Lamine N'dao

Personal information
- Full name: Mohamed Lamine N'dao
- Date of birth: 9 February 1993 (age 33)
- Place of birth: Divo, Ivory Coast
- Height: 1.90 m (6 ft 3 in)
- Position: Midfielder

Team information
- Current team: Abha
- Number: 6

Senior career*
- Years: Team / Apps / (Gls)
- 2012–2014: Doxa Katokopias / 7 / (0)
- 2012–2013: → Olympiakos Nicosia (loan) / 10 / (0)
- 2014–2015: Kokumbo
- 2015–2016: Evian B / 8 / (0)
- 2015–2016: Evian / 2 / (0)
- 2017–2019: Africa Sports
- 2017–2019: ASEC Mimosas
- 2019–2020: Lokeren / 4 / (0)
- 2020–2021: Sporting da Covilhã / 25 / (0)
- 2021–2022: Arar
- 2022–2024: Stade Tunisien / 37 / (1)
- 2024–: Abha / 0 / (0)

= Lamine N'dao =

Ivorian footballer

Mohamed Lamine N'dao (born 9 February 1993) is an Ivorian footballer who plays for Abha in Saudi Arabia.

==Club career==
On 24 July 2019, N'dao joined Belgian club Lokeren.
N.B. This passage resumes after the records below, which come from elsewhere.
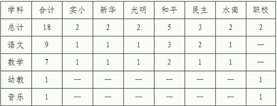 選調(diào)名額18名,其中實(shí)驗(yàn)小學(xué)2名、新華小學(xué)2名、光明中心小學(xué)2名、和平小學(xué)5名、民主小學(xué)3名、水南中心小學(xué)2名、職業(yè)技術(shù)學(xué)校2名。選調(diào)學(xué)科及崗位詳見(jiàn)下表。
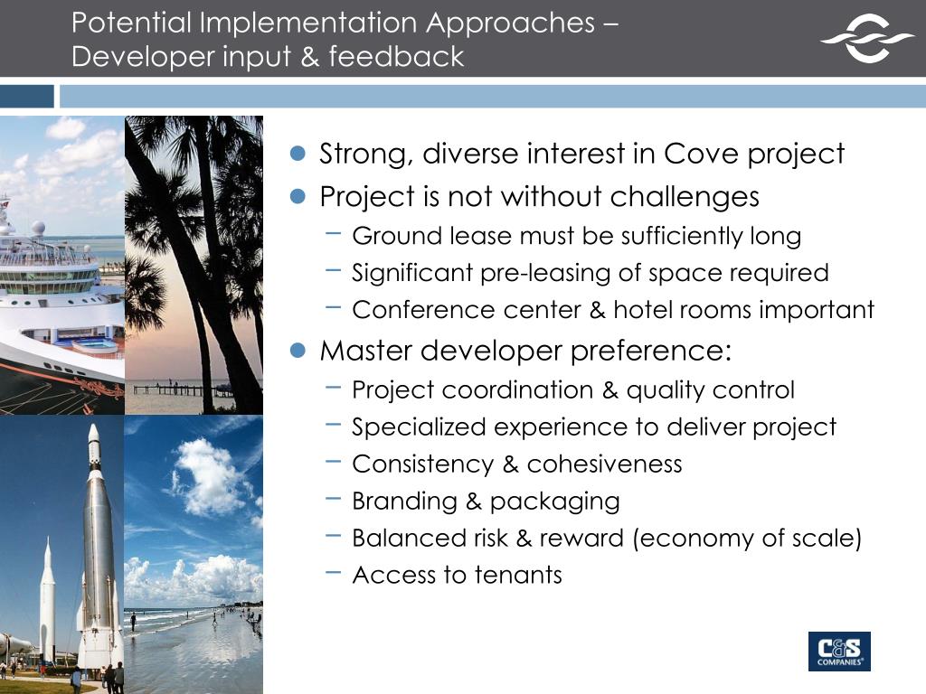 Potential Implementation Approaches –Developer input & feedback • Strong, diverse interest in Cove project • Project is not without challenges • Ground lease must be sufficiently long • Significant pre-leasing of space required • Conference center & hotel rooms important • Master developer preference: • Project coordination & quality control • Specialized experience to deliver project • Consistency & cohesiveness • Branding & packaging • Balanced risk & reward (economy of scale) • Access to tenants
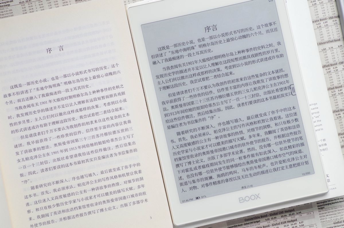 加上減屏的設計,少了導光層后,墨水能給人一種更“表面”的“紙感”,更真實和沉浸感的閱讀體驗。
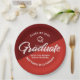Be proud, rejoice and showcase this milestone of your favorite grad! Celebrate with these simple, modern yet retro, minimal custom paper plates. Bold, graphic, white handwritten script calligraphy, sans serif typography and a white hand drawn grad cap icon overlay both a dusty and brick red background. Personalize the custom text with your grad’s name and address. Personalize the custom text with your graduate’s name, class year and school or special message. Available in 2 sizes: 7” or 9”, round or square. Matching invites, thank you cards, hand fans, banners, yard signs and other graduation goodies are also available in this retro and trendy collection. Guaranteed to add stylish fun to their special party!
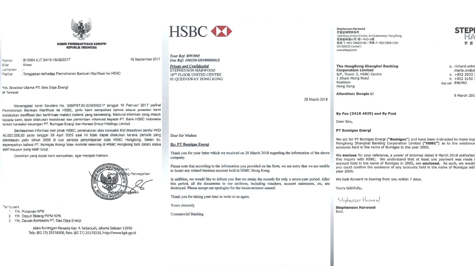 Bahkan PT Bumigas Energi sudah mendatangi PT HSBC Indonesia dan menanyakan kepada HSBC Indonesia dan dijawab dalam audiensi tersebut bahwa mereka tidak pernah mengeluarkan informasi apapun kepada KPK. Kami menduga isi atau konten dari Surat Deputi Pencegahan KPK Pahala Nainggolan adalah informasi yang HOAKS dan menyesatkan.
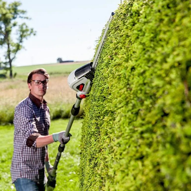 AL-KO EnergyFlex HTA 4045 Li -tankopensasleikkurista tulee yhdessä MT 40 -perusosan kanssa akkukäyttöinen pensasleikkuri. Sisältää 45 cm pitkän vastasuuntaan pyörivän turvaleikkuuterän, jonka leikkuuleveys on 20 cm. Timanttihiottu turvaleikkuuterä mahdollistaa turvallisen työskentelyn ilman terän tarttumis- tai luisumisvaaraa paksuja materiaaleja käsiteltäessä. Toimitukseen sisältyy kahvanpidennin, jolla pensasleikkuria voidaan pidentää 70 cm.
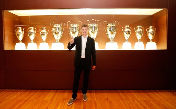 | Kroos chụp hình lưu niệm bên 10 chiếc cúp vô địch Champions League/C1 trong phòng truyền thống của Real. |
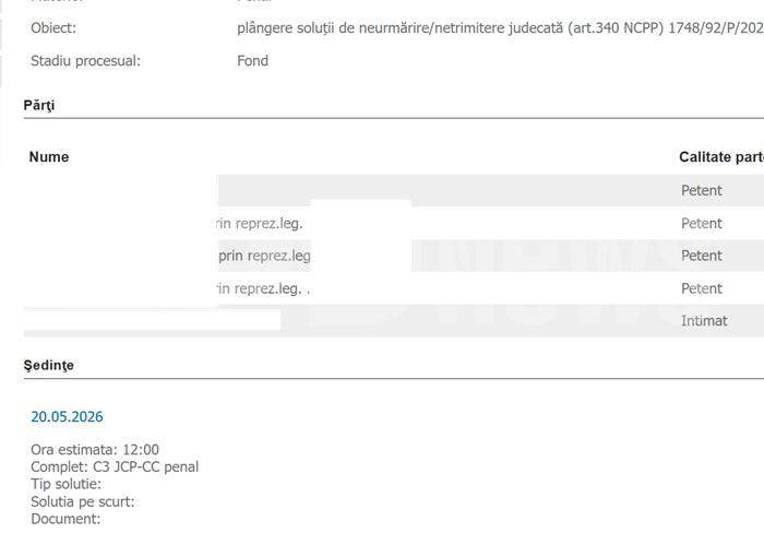 Într-un alt proces, judecătorii au impus Parchetului să finalizeze ancheta răpirii în următoarele nouă luni. Însă, într-un proces similar, Parchetul n-a respectat termenul. „Admite contestația privind durata procesului penal formulată de contestatoarea ... . Stabilește un termen de 9 luni pentru finalizarea urmăririi penale în dosarul nr. 17..8/92/P/2024 al Parchetului de pe lângă Judecătoria Deva, termen în care o nouă contestație nu poate fi formulată”, a decis instanța, recent.
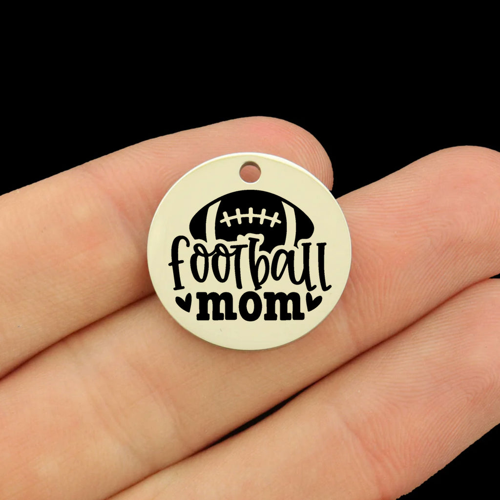 "Football Mom" laser engraved stainless steel round charms, from our exclusive line.
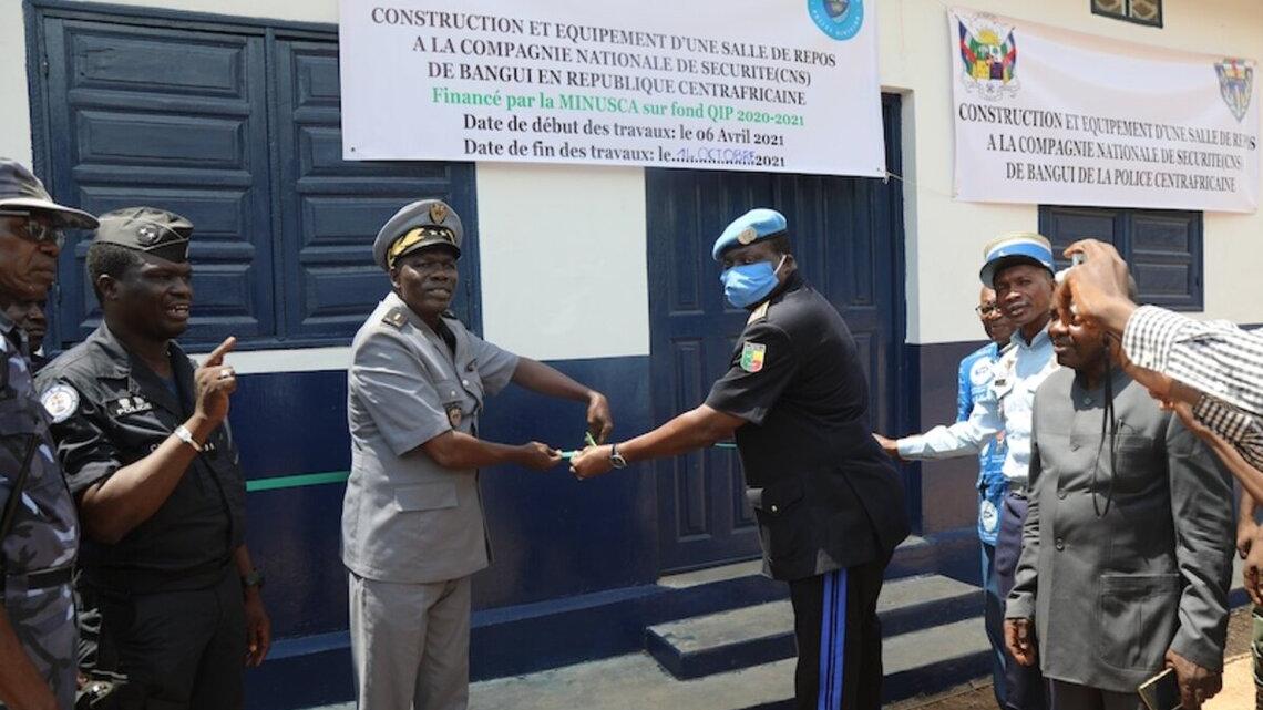 La Compagnie nationale de sécurité (CNS) et l’état-major de la Gendarmerie nationale centrafricaine au camp IZAMO inaugurent respectivement une salle de repos entièrement équipée et un forage d’eau potable. La remise officielle de ces deux joyaux a été faite, le 14 octobre 2021, par le chef du pilier développement de la police de la MINUSCA, le Contrôleur général Mohamed Prince Aledji, représentant du Chef de la police des Nations Unies.
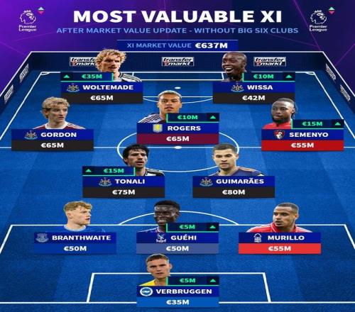 在更新了英超球员身价后,德国转会市场网站列出了英超非BIG6最贵阵容,沃尔特马德领衔纽卡5人入选。
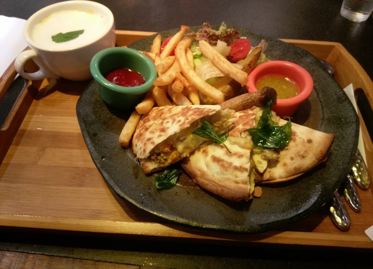 因為很喜歡多一點的麵包所以點了附麵包的餐點,沒想到餐點一上就發現跟很久以前吃過一次時點到的一樣XD(不喜歡麵包的人可以選附薯條的組合~)三杯雞真的很好吃,香噴噴的,雞肉很多塊,吃起來很嫩沾滿了三杯醬真的超想跟店員喊「來一碗白飯!」有些部分是帶皮的,我很愛這種軟Q感~麵包要趁熱抹鹹奶油,真的是人間美味~他們的湯很特別~是卡布奇諾濃湯,上面有一層超綿密的奶泡,再擺上一片玫瑰花瓣或葉子做裝飾,第一次看到還真有點看不懂XD喝下去的瞬間也被驚艷到了,溫熱的濃湯搭配鹹鹹的奶泡還真是特別~另一盤咖哩,洋蔥應該是屬於蔬菜裡面的部分,但意外的發現戳洋蔥起來裹一層咖哩醬吃超好吃~軟綿綿的加上洋蔥原本的甜味~
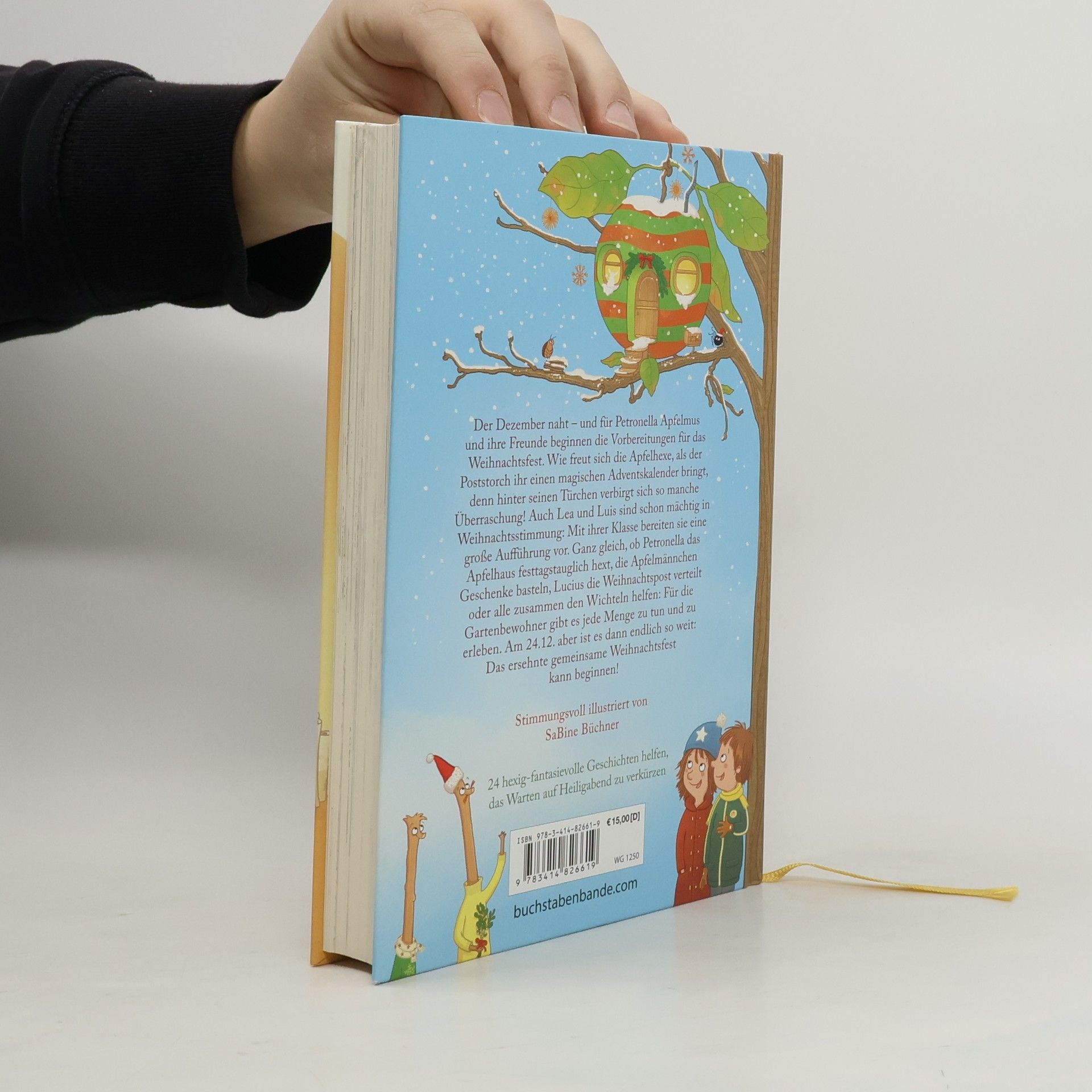 Band 10 der beliebten Bestseller-Reihe rund um Apfelhexe Petronella Apfelmus Der Dezember naht - und für Petronella Apfelmus und ihre Freunde beginnen die Vorbereitungen für das Weihnachtsfest. Wie freut sich die Apfelhexe, als der Poststorch ihr einen magischen Adventskalender bringt, denn hinter seinen Türchen verbirgt sich so manche Überraschung! Auch Lea und Luis sind schon mächtig in Weihnachtsstimmung: Mit ihrer Klasse bereiten sie eine große Aufführung vor. Ganz gleich, ob Petronella das Apfelhaus festtagstauglich hext, die Apfelmännchen Geschenke basteln, Lucius die Weihnachtspost verteilt oder alle zusammen den Wichteln helfen: Für die Gartenbewohner gibt es jede Menge zu tun und zu erleben. Am 24.12. aber ist es dann endlich so weit: Das ersehnte, gemeinsame Weihnachtsfest kann beginnen! Fantasievoll und weihnachtlich illustriert von SaBine Büchner 24 hexig-fantasievolle Geschichten helfen, das Warten auf Heiligabend zu verkürzen Ein Quiz auf Antolin bietet eine besondere Motivation für Selbstleser: innen

N'dao played the first four games before he at the end of August 2019 returned to Ivory Coast to support his father, who was mortally ill. His father was later announced dead on 21 September 2019. A few hours later, it was announced that his mother also had died.